WHAT NEEDS TO BE DONE:
Only the lines from the opening of the material through the line bearing "После построения прямых" should be reproduced, exactly and without pictures.

THE DATA:
_____

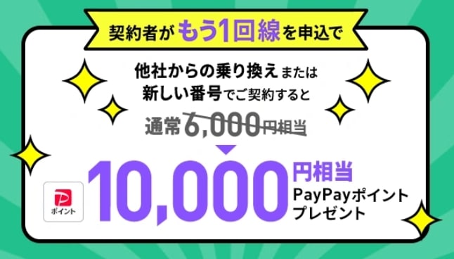 →他社乗り換えまたは、新しい番号で契約すると10,000円相当のPayPayポイント還元・2回線をまとめて申し込みたい人
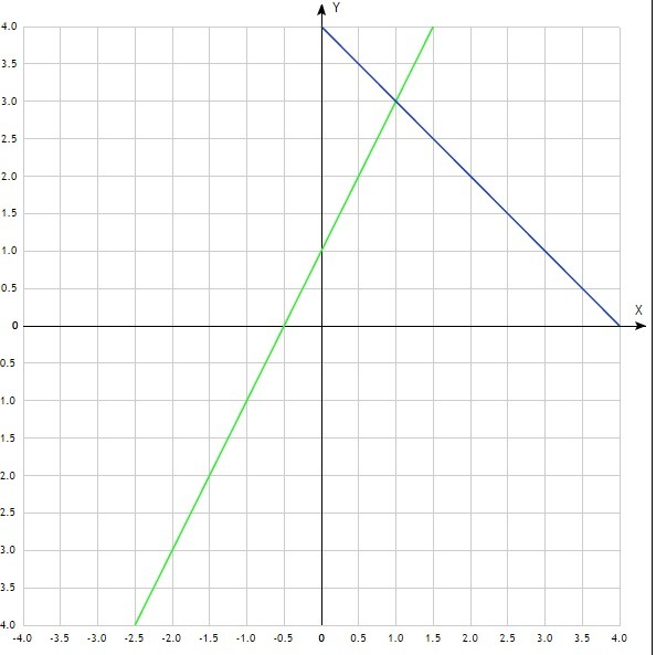 После построения прямых находим точку пересечения. Ее координаты и будут решением этой системы.
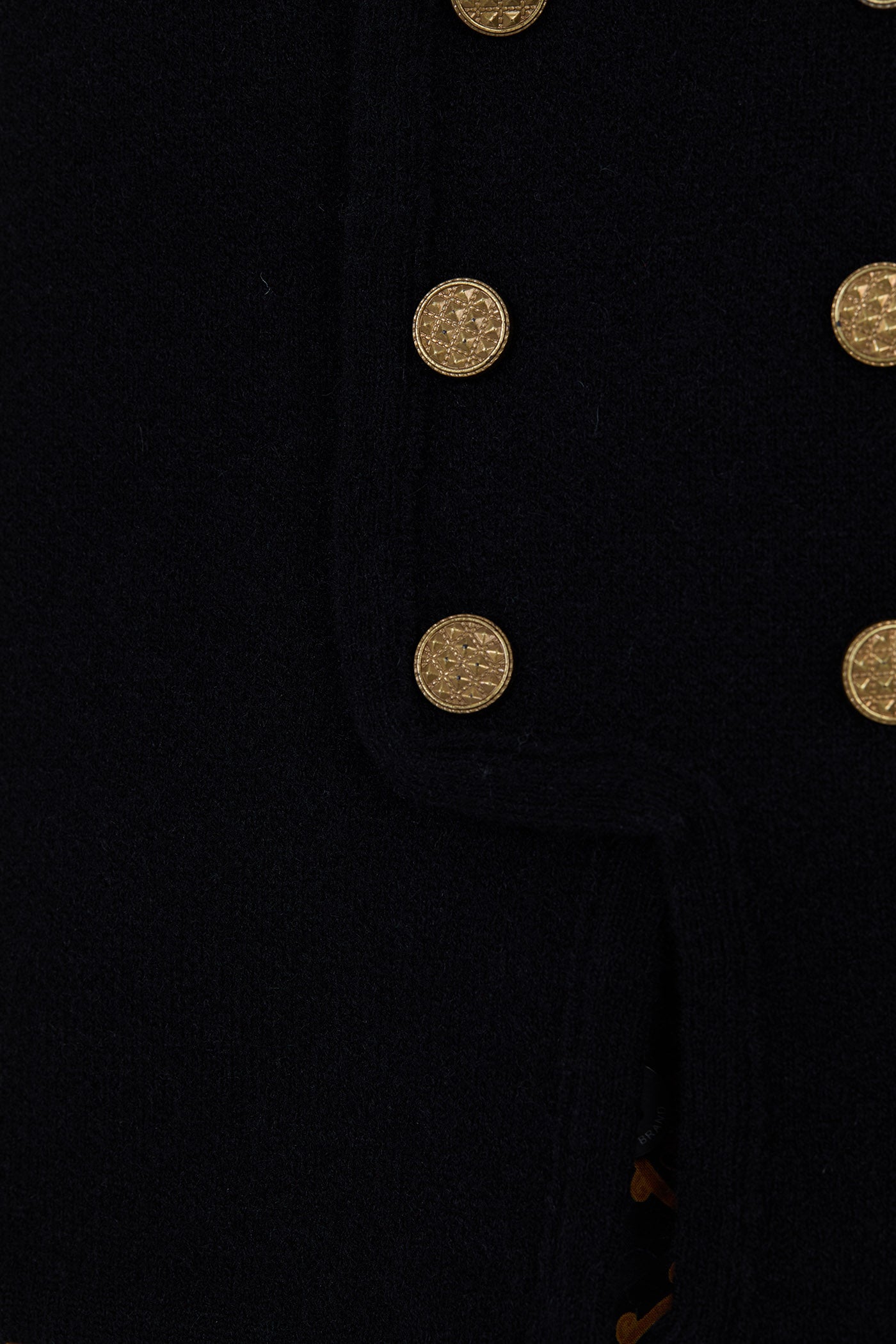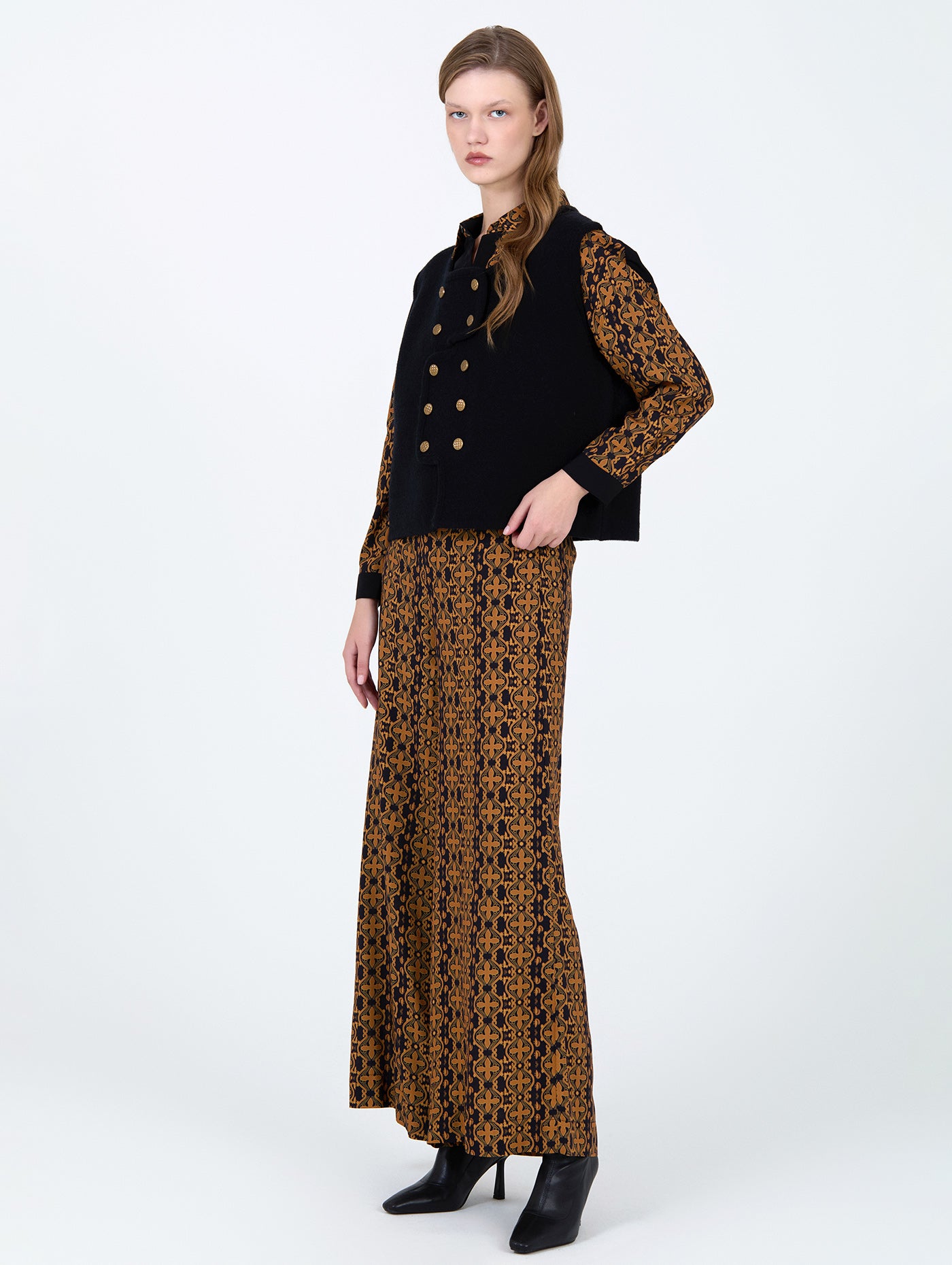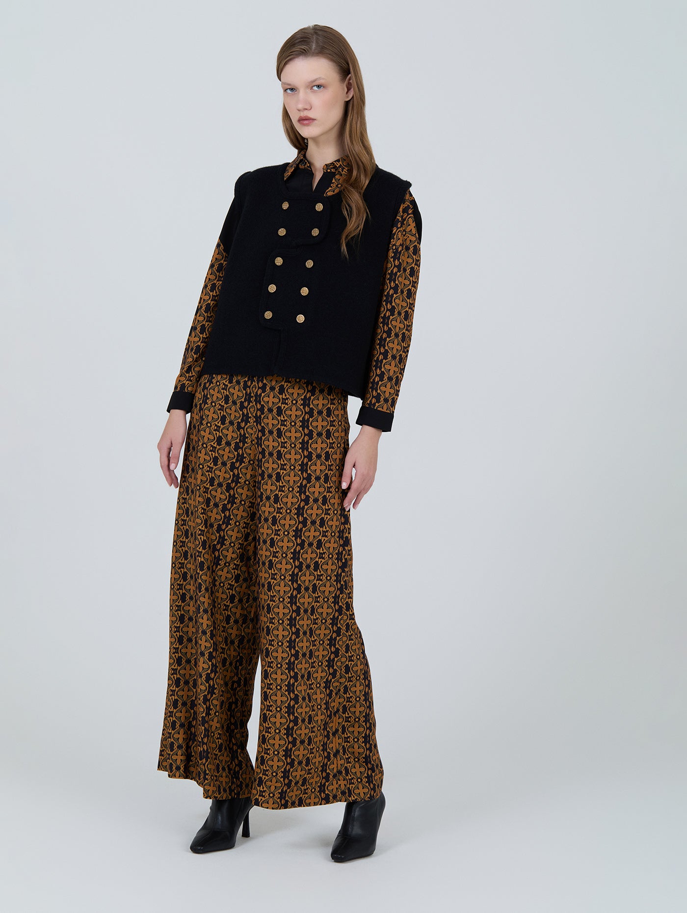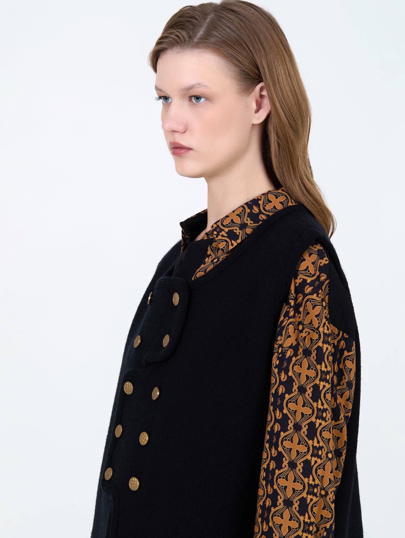 Presenta un cuello redondo clásico que enmarca suavemente el escote y un detalle de tapeta cruzada con ondas que aporta un aire romántico y distintivo. Los botones decorativos en tono oro viejo completan el diseño, dando un acabado sofisticado y elegante sin perder su carácter actual.

_____

WRITTEN ANSWER:
 →他社乗り換えまたは、新しい番号で契約すると10,000円相当のPayPayポイント還元・2回線をまとめて申し込みたい人
 После построения прямых находим точку пересечения. Ее координаты и будут решением этой системы.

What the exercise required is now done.